Data Block Start
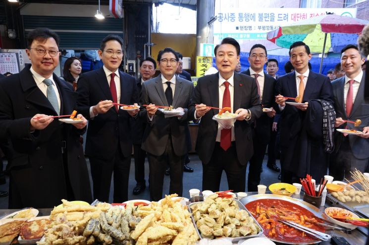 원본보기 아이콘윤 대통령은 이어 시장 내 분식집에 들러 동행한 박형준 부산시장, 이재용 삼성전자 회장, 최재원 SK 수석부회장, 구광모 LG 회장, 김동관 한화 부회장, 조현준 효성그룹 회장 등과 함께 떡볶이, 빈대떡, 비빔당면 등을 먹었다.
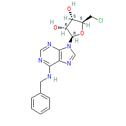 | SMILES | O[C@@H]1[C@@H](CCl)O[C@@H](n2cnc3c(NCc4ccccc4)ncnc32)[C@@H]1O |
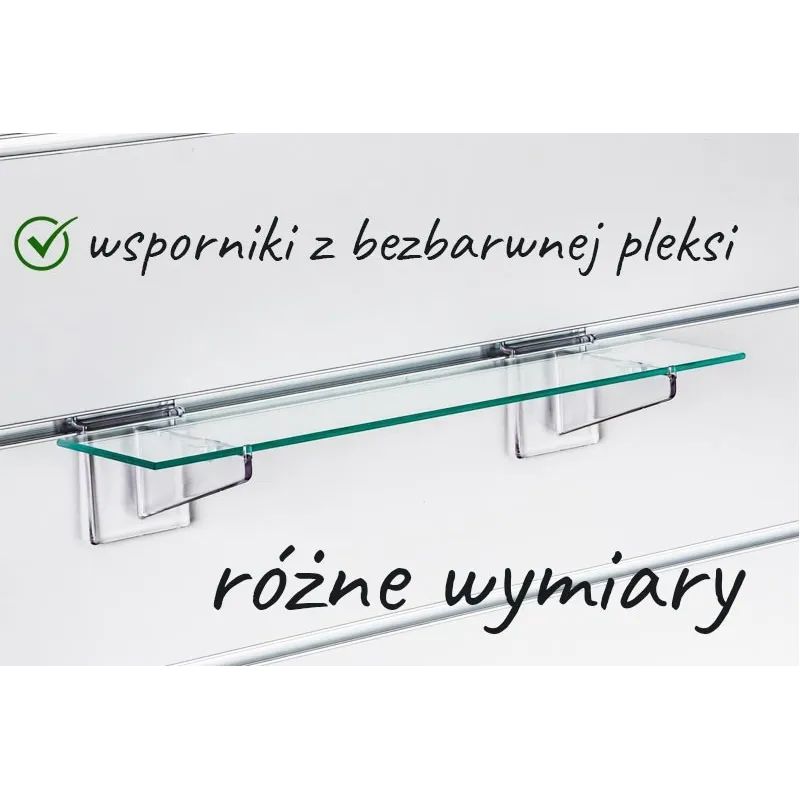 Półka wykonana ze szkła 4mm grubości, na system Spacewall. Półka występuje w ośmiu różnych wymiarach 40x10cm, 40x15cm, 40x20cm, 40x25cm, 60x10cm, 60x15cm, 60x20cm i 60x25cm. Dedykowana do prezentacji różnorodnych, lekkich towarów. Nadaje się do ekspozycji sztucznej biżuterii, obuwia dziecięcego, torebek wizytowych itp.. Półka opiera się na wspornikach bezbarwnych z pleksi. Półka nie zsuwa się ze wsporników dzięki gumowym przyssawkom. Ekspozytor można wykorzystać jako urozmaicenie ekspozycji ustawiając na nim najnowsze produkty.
Data Block End
Task instructions: Leaving images out, please output every line of the data exactly.

Solution for this problem:
 원본보기 아이콘윤 대통령은 이어 시장 내 분식집에 들러 동행한 박형준 부산시장, 이재용 삼성전자 회장, 최재원 SK 수석부회장, 구광모 LG 회장, 김동관 한화 부회장, 조현준 효성그룹 회장 등과 함께 떡볶이, 빈대떡, 비빔당면 등을 먹었다.
 | SMILES | O[C@@H]1[C@@H](CCl)O[C@@H](n2cnc3c(NCc4ccccc4)ncnc32)[C@@H]1O |
 Półka wykonana ze szkła 4mm grubości, na system Spacewall. Półka występuje w ośmiu różnych wymiarach 40x10cm, 40x15cm, 40x20cm, 40x25cm, 60x10cm, 60x15cm, 60x20cm i 60x25cm. Dedykowana do prezentacji różnorodnych, lekkich towarów. Nadaje się do ekspozycji sztucznej biżuterii, obuwia dziecięcego, torebek wizytowych itp.. Półka opiera się na wspornikach bezbarwnych z pleksi. Półka nie zsuwa się ze wsporników dzięki gumowym przyssawkom. Ekspozytor można wykorzystać jako urozmaicenie ekspozycji ustawiając na nim najnowsze produkty.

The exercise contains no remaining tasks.